- _TASK ITEM_
Stop at the line containing "时值初冬时节,永善县城公园、": repeat exactly every line of the entries below from the first up to it, plus that line, with pictures omitted.

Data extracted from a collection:
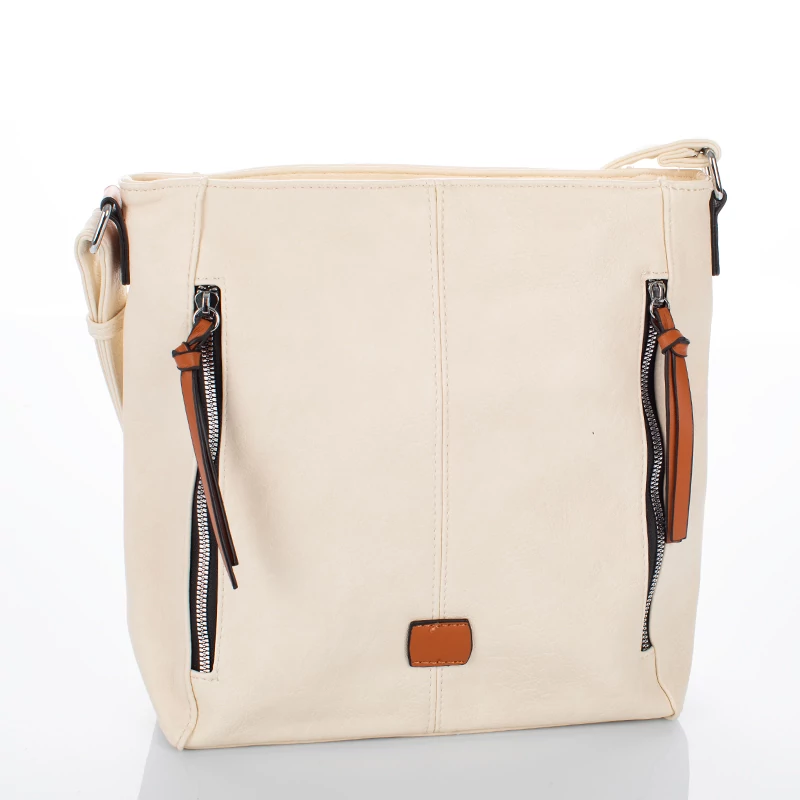 A táska egy nagy részből áll melynek belseje osztott elrendezésű. Található a belsejében 2db kisebb mobiltartó illetve 2db cipzáras zseb. A táska mindkét oldalán található 1-1db cipzáras zseb illetve a hátoldalán is kialakítottunk 1db cipzáras zsebet.
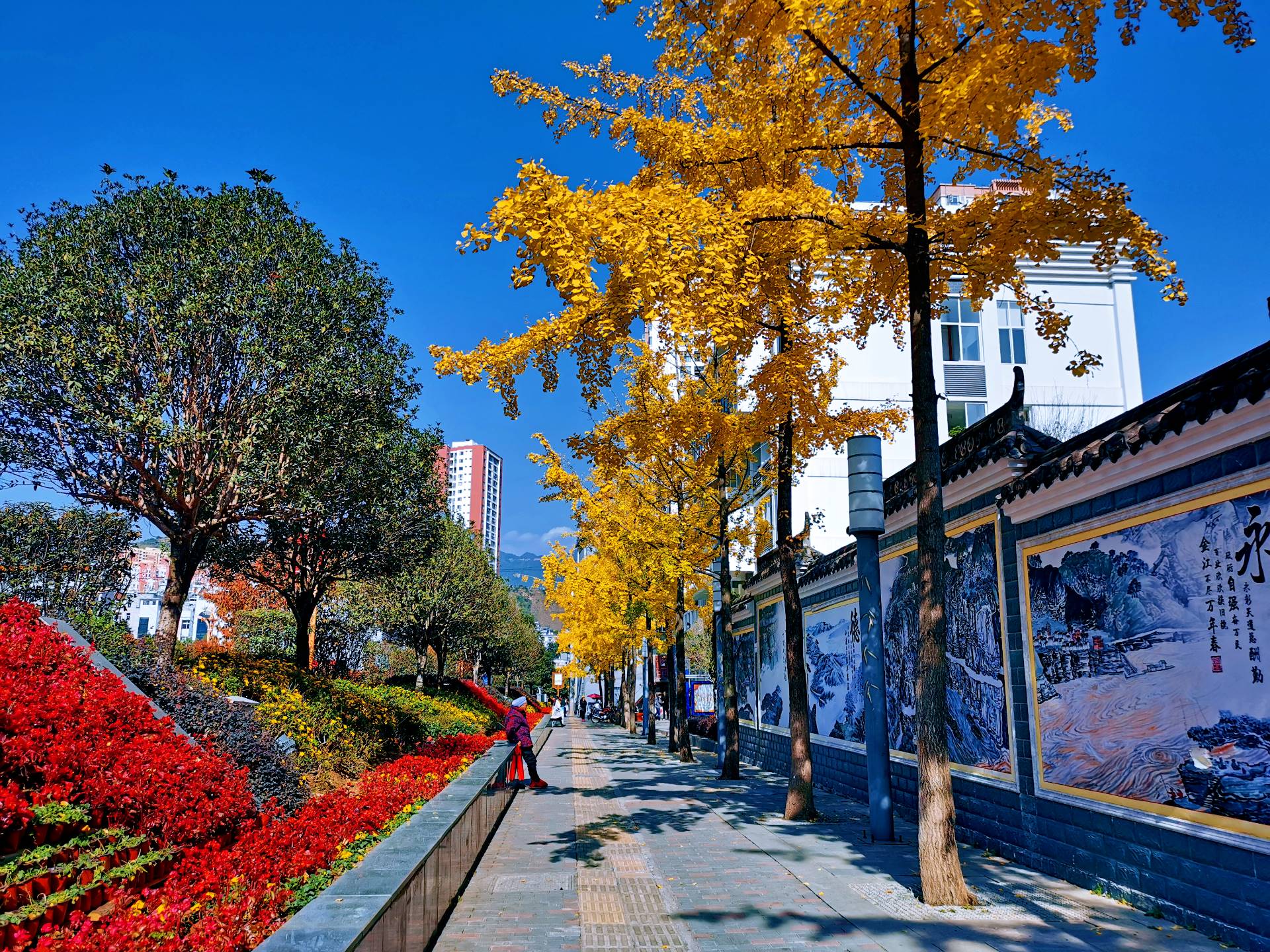 时值初冬时节,永善县城公园、广场等地栽植的银杏树叶逐渐变为金黄,构成了一道道赏心悦目的风景线,把永善县城装扮得亮丽多彩,引来广大市民驻足欣赏游玩。
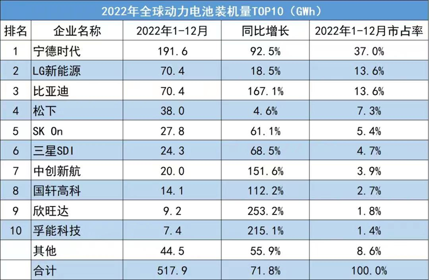 寧德時(shí)代作為我國動(dòng)力電池龍頭企業(yè),現(xiàn)已發(fā)展成為全球最大的動(dòng)力電池廠商。SNE Research數(shù)據(jù)顯示,2022年,寧德時(shí)代以191.6 GWh的裝車量和37%的市占率,連續(xù)8年產(chǎn)銷位居世界第一。除了寧德時(shí)代之外,在全球排名前十的動(dòng)力電企業(yè)中,有六家來自中國,總市占率超過六成。
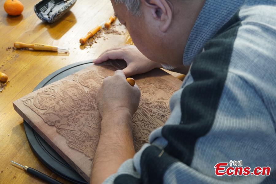 Xu Jinlin carves on woodblocks in Lanzhou, northwest China's Gansu Province, Dec. 21, 2021. (Photo: China News Service/Jiumeidanzeng)
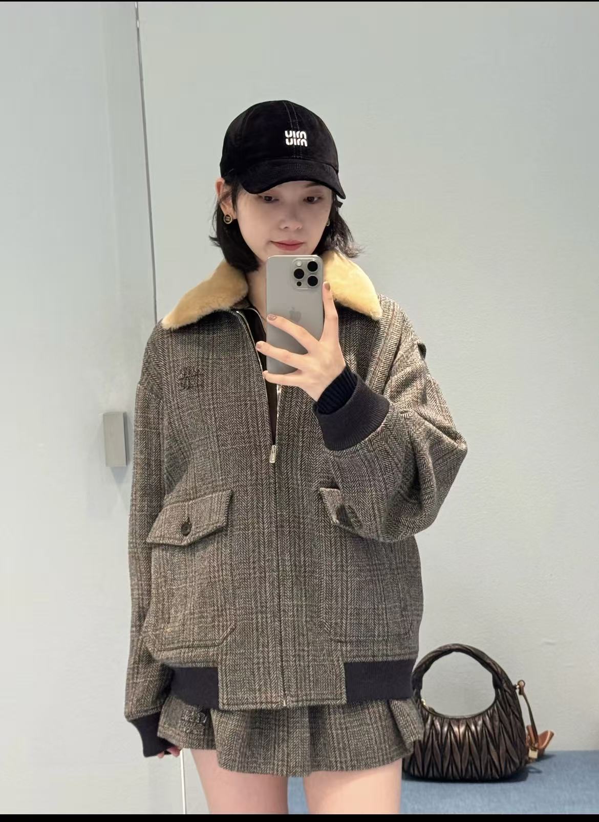 Elevate your style with this Miu Miu wool blazer jacket and plaid skirt set. Featuring logo embroidery, detachable faux fur collar, and a flattering fit.
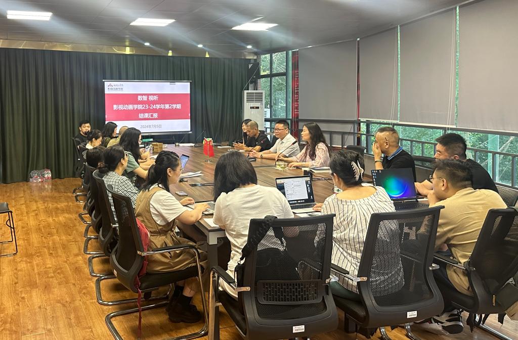 影视动画学院负责人简要介绍了本次结课汇报及展览的整体情况,并表示学院将在今后的教学活动中对所有课程实行结课汇报全覆盖。参展教师采用PPT汇报的方式,从课程内容、教学目的、教学重点难点、教学方法、学生学情分析、教学成效、教学反思及改进手法等方面对课程进行了详细介绍。现场教师围绕教学经验分享、课程设计、教学方法等方面都深入研讨。谭晖根据每位教师的汇报情况逐一点评。她谈到,教师要注重教学方法的严谨性和操作性以及课程设计的重要性,要通过课程设计来把握重点,她还鼓励学生跨学科跨专业学习,全面提升专业技能的能力。

- _TASK RESPONSE_
 A táska egy nagy részből áll melynek belseje osztott elrendezésű. Található a belsejében 2db kisebb mobiltartó illetve 2db cipzáras zseb. A táska mindkét oldalán található 1-1db cipzáras zseb illetve a hátoldalán is kialakítottunk 1db cipzáras zsebet.
 时值初冬时节,永善县城公园、广场等地栽植的银杏树叶逐渐变为金黄,构成了一道道赏心悦目的风景线,把永善县城装扮得亮丽多彩,引来广大市民驻足欣赏游玩。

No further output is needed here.